Purpose of the Study:

  • To identify biological-clinical mismatch in Alzheimer's disease using tau biomarkers (p-tau217 and Tau-MaX) and clinical severity (CDR-SB).
  • To investigate neurodegenerative differences, alpha-synuclein co-pathology, and longitudinal trajectories in canonical, vulnerable, and resilient groups.
  • To validate the tau-cognitive mismatch model in an independent dataset.

Main Methods:

  • Included amyloid-positive ADNI participants with available Tau PET or p-tau217 and CDR-SB scores.
  • Defined mismatch using linear regression between tau burden (Tau-MaX or p-tau217) and CDR-SB, categorizing participants into canonical, vulnerable, and resilient groups.
  • Analyzed medial temporal lobe (MTL) structure, brain-wide thickness, alpha-synuclein status, and longitudinal tau PET, atrophy, and cognitive trajectories, controlling for covariates.
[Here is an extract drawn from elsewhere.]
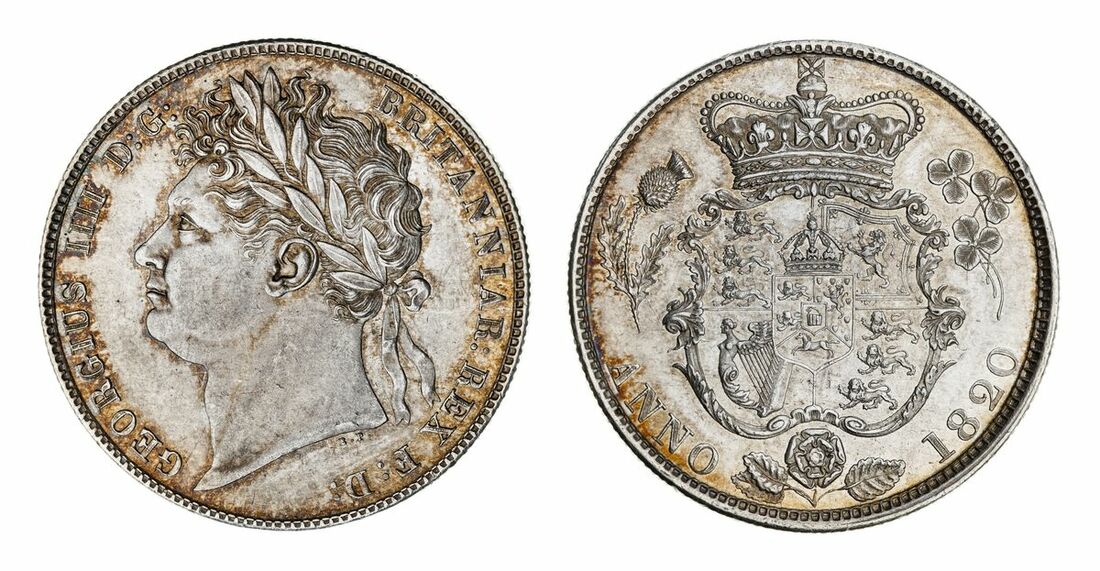 George IV (1820-1830), Halfcrown, 1820, Type 1, laureate bust right, rev. lightly garnished shield, milled edge, 6h, 14.10g (ESC 628; Bull 2357; Spink 3807), once wiped and with a scattering of minor contact marking, nonetheless with a pleasing lustre and near brilliant to the reverse, speckled ochre toning, bolder extremely fine
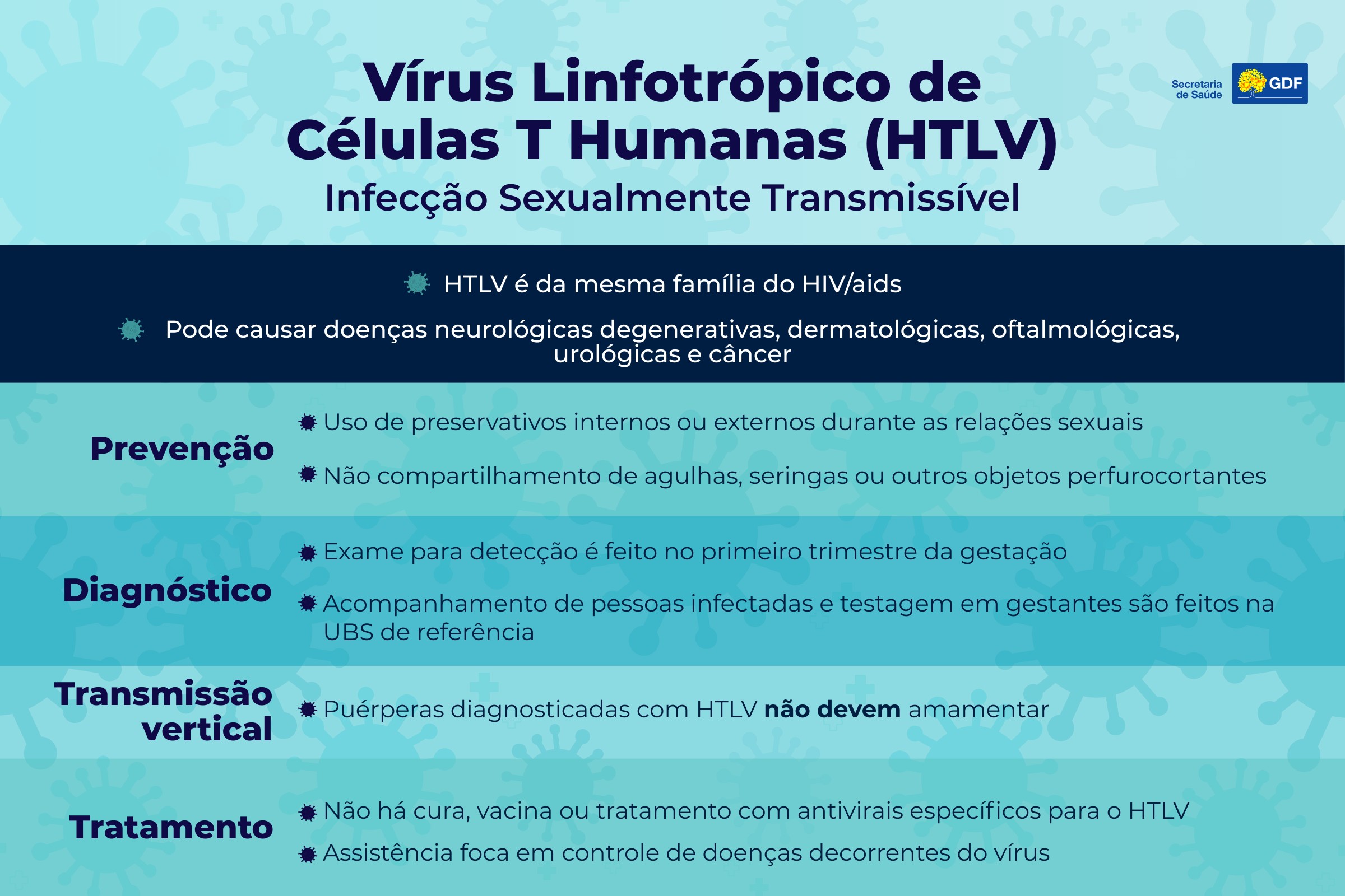 O HTLV tem semelhanças com o HIV, vírus causador da Aids, também sendo uma das infecções sexualmente transmissíveis (ISTs) que afeta o sistema imunológico. No caso das gestantes, a preocupação é maior: uma mãe pode contaminar um bebê por meio da amamentação. Por este motivo, em 2024, a Lei nº 7.619 determinou a inclusão do teste de detecção do vírus na lista de exames obrigatórios no pré-natal das gestantes do Distrito Federal.

Replicated findings in the Penn ADRC dataset.

Main Results:

  • Both Tau-MaX and p-tau217 showed moderate association with CDR-SB.
  • Vulnerable individuals exhibited greater neurodegeneration in anterior MTL and temporolimbic regions and higher alpha-synuclein prevalence.
  • The vulnerable group demonstrated accelerated cognitive decline independent of tau accumulation rate and faster atrophy in MTL and temporolimbic regions. Findings were consistent across ADNI and Penn ADRC datasets.

Conclusions:

  • Tau-cognitive mismatch effectively identifies vulnerable individuals with distinct neurodegeneration patterns and alpha-synuclein co-pathology, overlapping with Limbic-predominant Age-Related TDP-43 Encephalopathy (LATE).
  • Plasma-based tau biomarkers successfully identified similar vulnerable individuals in an independent cohort, suggesting clinical utility.
  • This approach refines understanding of AD progression heterogeneity and identifies individuals requiring targeted interventions.